Jarmer's Tower (Jarmers Tårn) is an old ruined tower in Copenhagen, Denmark. It was once part of the Copenhagen moat. Jarmers Tower represents the remains of the original eleven towers which were once joined together as a part of the city’s medieval fortification.

== History ==
The tower was built in the beginning of the 16th century. The tower is named after Jaromar II of Rügen (ca. 1218-1260), Fürst of the Wends, who in 1259 had attacked and penetrated the wooden palisades which had formed the fortification surrounding Copenhagen.
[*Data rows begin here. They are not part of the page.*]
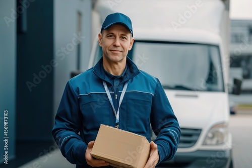 smiling delivery person in a blue uniform holds a box. A white van is visible in the background
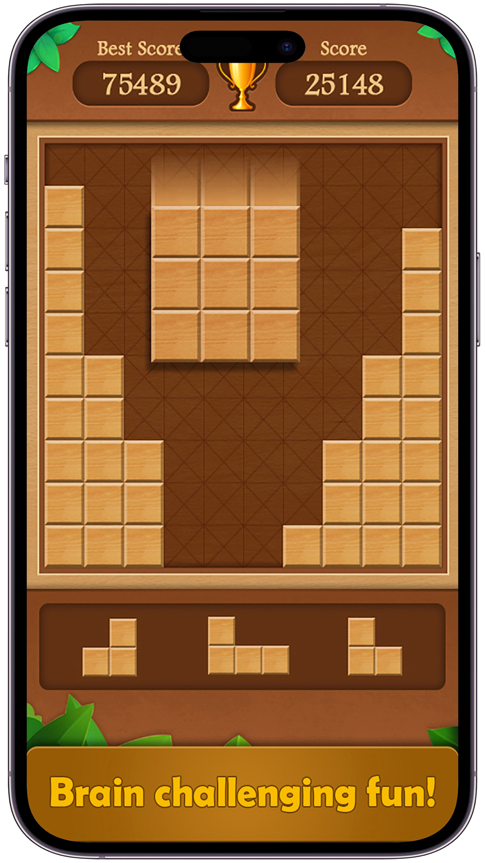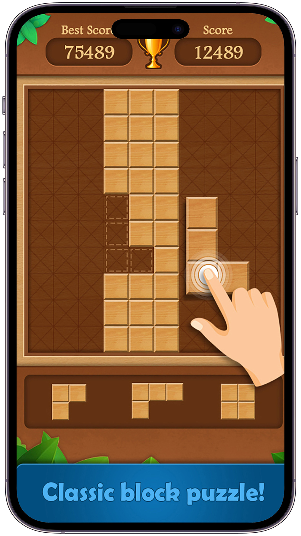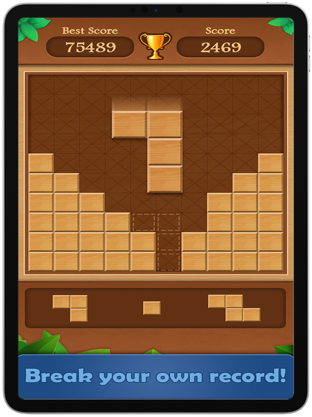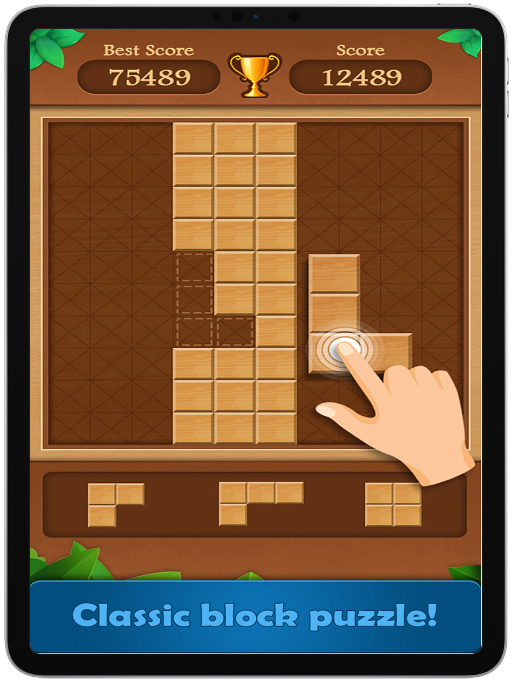 More block, more score. Try it and you will love this Wood puzzle game. The shapes are waiting for you. You have to fill a horizontal line or a vertical line with wood block . When you make a line, it clears from the screen. The more wood cube puzzle you clear, the higher score you will get.
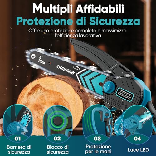 Mini Motosega a Batteria 8000mAh, 6 Pollici Portatile Sega a Batteria, Pompetta Olio, Ricarica Rapida e 2 Batterie da 4000 mAh, Blocco di Sicurezza, Adatto per Cesoie da Giardino, e Taglio Del Legno
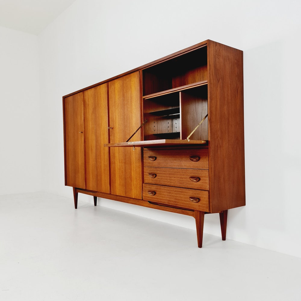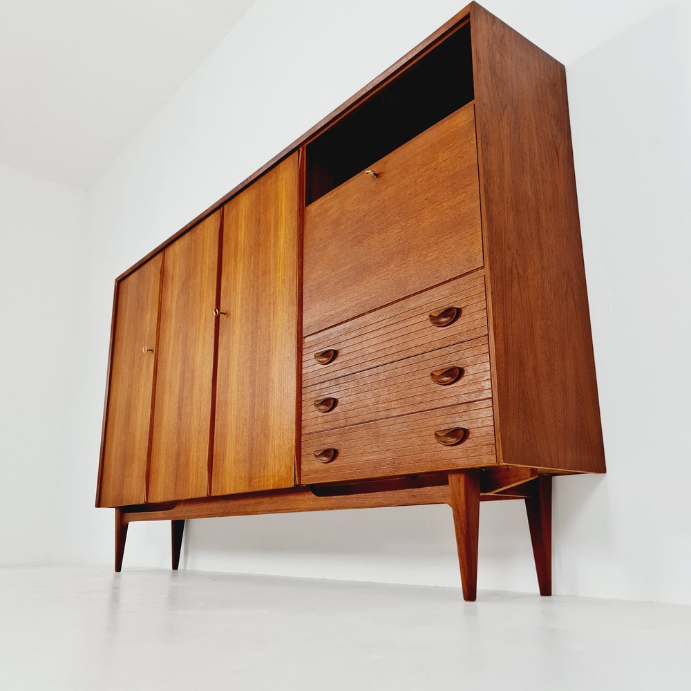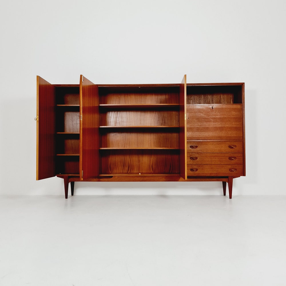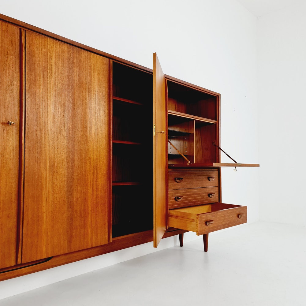 The furniture was designed in terms of dimensions and layout for plenty of storage space and offers plenty of space with three cupboard parts, the bar compartment and three drawers. In addition, the shelves have a solid wood edge and are individually adjustable in height. Light maple veneer was used for the interior, which contrasts nicely with the teak.

Jaromar acted in support of Jakob Erlandsen, Archbishop of Lund, in his conflict with Danish King Christoffer I. King Christoffer had strongly resisted the archbishop’s efforts of adjusting the legislation and juridical right of the Danish church with canonical law. After an incarceration of the Bishop, Jaromar ravaged Zealand during 1259 and broke through Copenhagen's fortifications in the place where Jarmers Tower was later built. Wends warriors destroyed the city by burning down most of the houses and ended up by demolishing the castle of Bishop Absalon on Slotsholmen.

==Modern usage==
The tower was built of large, red monk bricks and ornamented with a reticular pattern of dark burned bricks. Between 1880-1885 the rampart area around Jarmers Tower was excavated and the moat leveled in connection with the Nordic Exhibition of 1888. Jarmers Tower was subsequently restored and preserved as a ruin. The plaza built around the excavation where Nørre Voldgade becomes H.C. Andersens Boulevard has been named Jarmers Plads.